Type conversion from std::complex<MyType> to std::complex<double>

Question

I have a class MyType that implements a user-defined arithmetic type. This class provides the following conversion operator

struct MyType 
{ ...
  operator double()
  { 
    return to_double(); // This converts my type to a double value
  }
... };

Using this class as follows works fine:

double d = MyType(1);

However, using this class as type within std::complex, e.g.

#include <complex>
std::complex<double> c = std::complex<MyType>(1,1);

fails with the following compiler error:

error: conversion from 'std::complex<MyType>' to non-scalar type 'std::complex<double>' requested

Any help to solve this problem is appreciated.

Matthias

Answer 1

Does this (not particularly elegant) workaround help?

std::complex<MyType> dummy(1,1);
std::complex<double> c1(
    static_cast<double>(dummy.real()), static_cast<double>(dummy.imag()));

I tried all kinds of different constructors and assignment operators of std::complex but did not find a more "implicit" way of converting.

I think this is related: Why doesn't a conversion function work with std::string?

Answer 2

The specializations std::complex<float>, std::complex<double>, and std::complex<long double> are LiteralTypes for representing and manipulating complex numbers.

The effect of instantiating the template complex for any other type is unspecified.

So std::complex<MyType> is "problematic"...

Ignoring that part,

whereas std::complex<T> has generic converting constructor, specialization std::complex<double> only provide conversions from other floating complex versions.

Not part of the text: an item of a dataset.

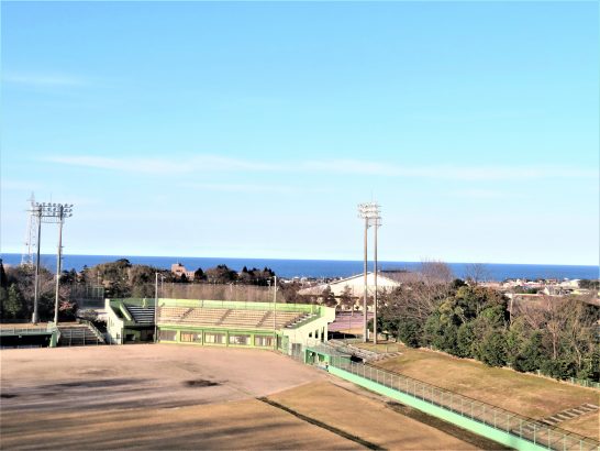・本日、午後から晴れてきたが風は冷たかった。写真上は夕刻散歩の総合公園にて。野球場から見た水平線。海の色は空の色を反映するので今日は綺麗な群青だった。 〔仕事と歩数〕塔社向け「愛染帖」「飛行船」などチェック後メール&発送。6,014歩。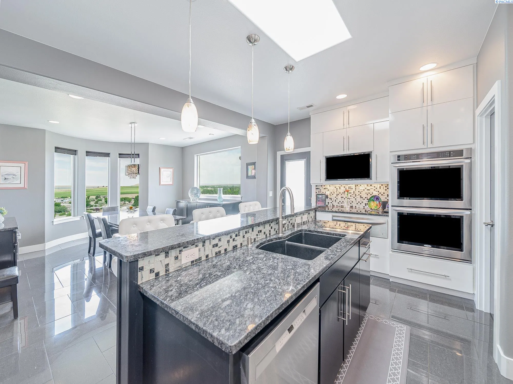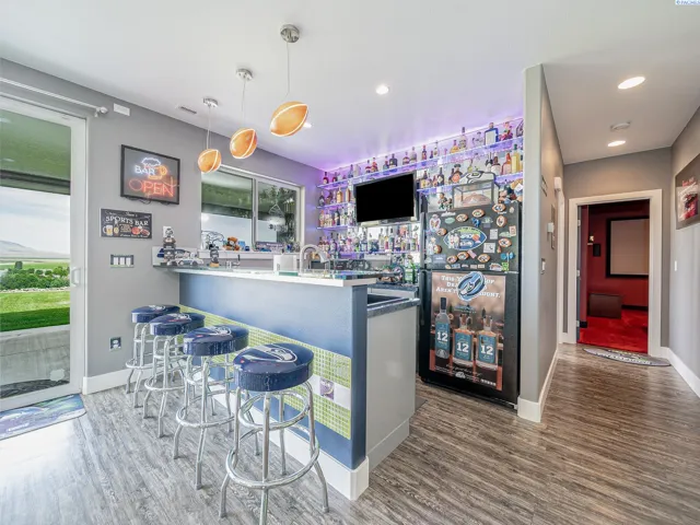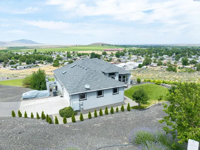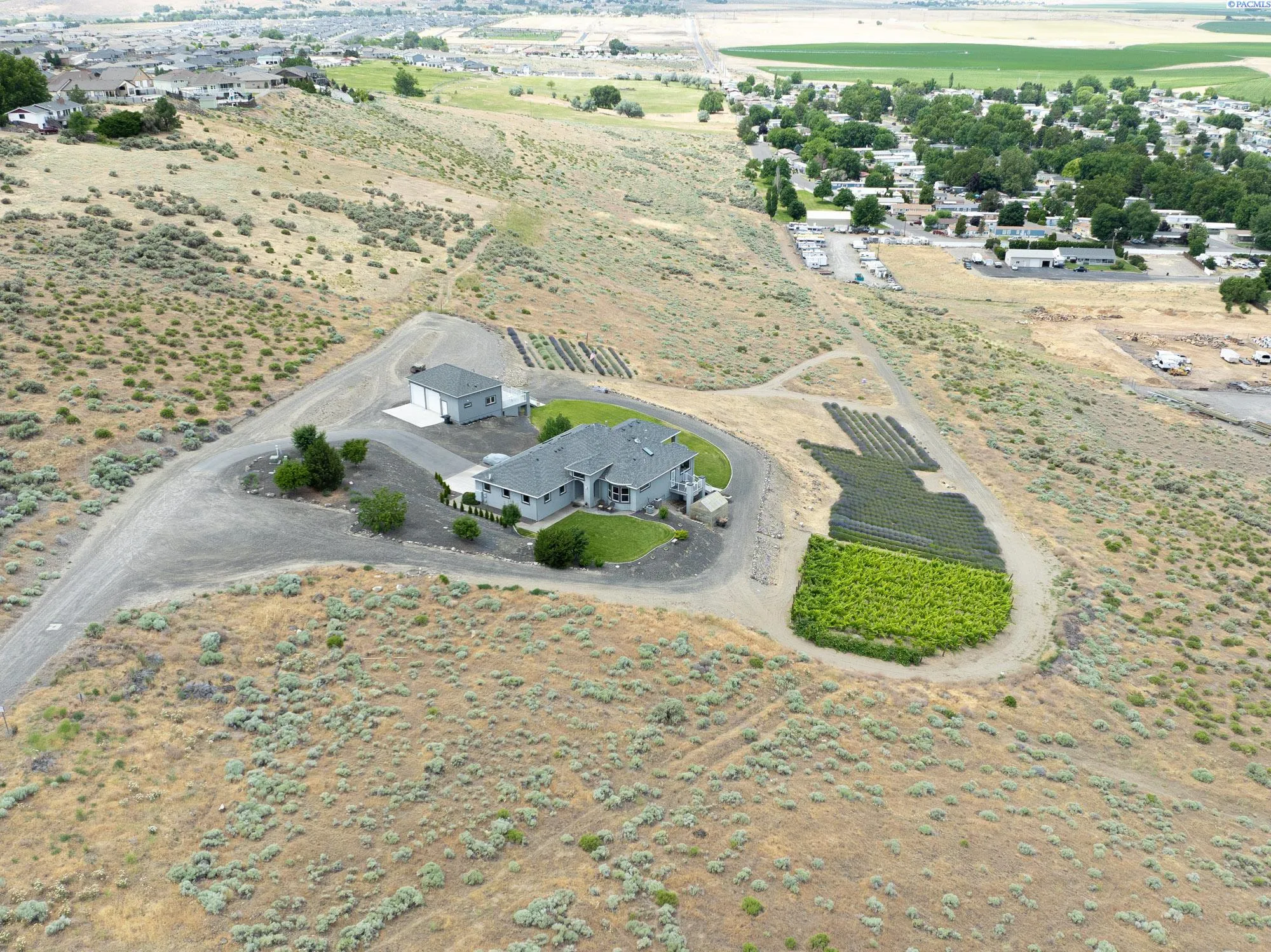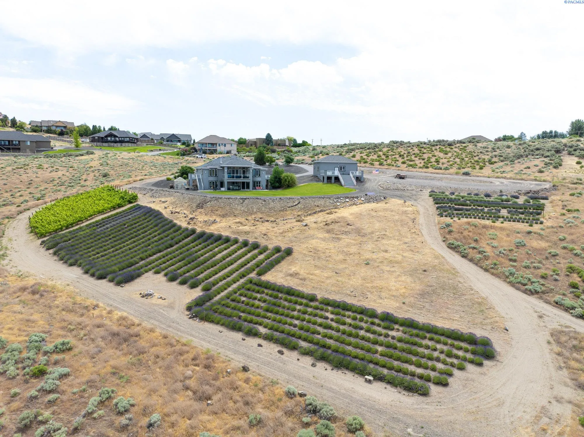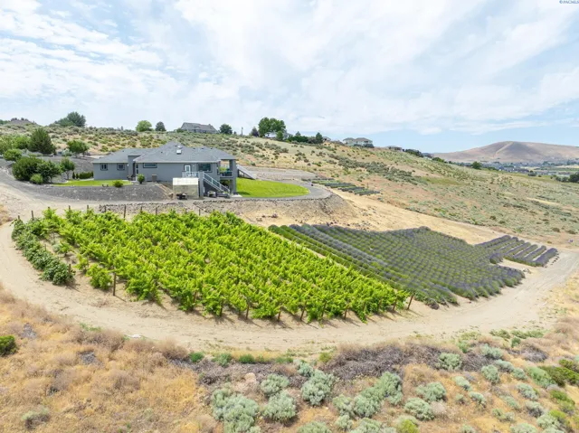MLS# 285159 Perched on 2.5 scenic acres in the sought-after Willamette Heights neighborhood of West Richland, this exceptional custom-built home offers a one-of-a-kind living experience surrounded by a flourishing lavender farm and private vineyard of 250 Syrah vines. With breathtaking panoramic views of the Tri-Cities and Rattlesnake Mountain, every inch of this 3,450 sq ft residence is designed to impress. The thoughtfully designed 1-story layout with a fully finished walk-out basement blends modern elegance with rural tranquility. Step inside to a vaulted entryway, tile floors, and a light-filled living space anchored by a stylish fireplace and expansive windows that frame stunning natural vistas. The dining area provides an ideal setting for both everyday meals and entertaining guests while showcasing the ever-changing landscape. The kitchen is a chef’s dream featuring sleek white cabinetry, a full tile backsplash, granite countertops, a large island with breakfast bar, wine bar with beverage fridge, pantry, and stainless steel appliances including a gas range with hood. Offering 4 bedrooms and 3 luxurious bathrooms, the primary suite is a private retreat complete with a fireplace, custom lighting, spa-like bath, dual vanity, tiled walk-in shower, and a spacious custom closet. The lower level offers a large rec room with a full bar, ample space for entertaining, walk-out access to a patio, and a fourth bedroom currently outfitted as a home theater. Outdoor living is just as spectacular, with expansive decks and patios offering front-row seats to unforgettable sunsets. In addition to the attached garage, a 24×36 detached shop includes a bathroom, full commercial kitchen, and large deck — perfect for projects, events, classes and running your own agri-business. A previously established business presents the perfect opportunity using 13 various types of lavender plants. This property combines luxury living with productive land and income potential — a rare opportunity to own a serene estate in the heart of wine country. This property has a business incorporated called Sunkissed Lavender Farms which originated in 2017. This is an established built in business opportunity! Seek further info from LA on what all the business entails.

But operator= allows generic conversion for all versions (Only Msvc accepts the code though).

You have to provide your own (explicit/named) conversion function:

std::complex<double> to_complex_double(std::complex<MyType>& c)
{
#if 0
     std::complex<double> res;
     res = c; // gcc/clang doesn't accept that.
     return res;
#else
     return {c.real(), c.imag()};
#endif
}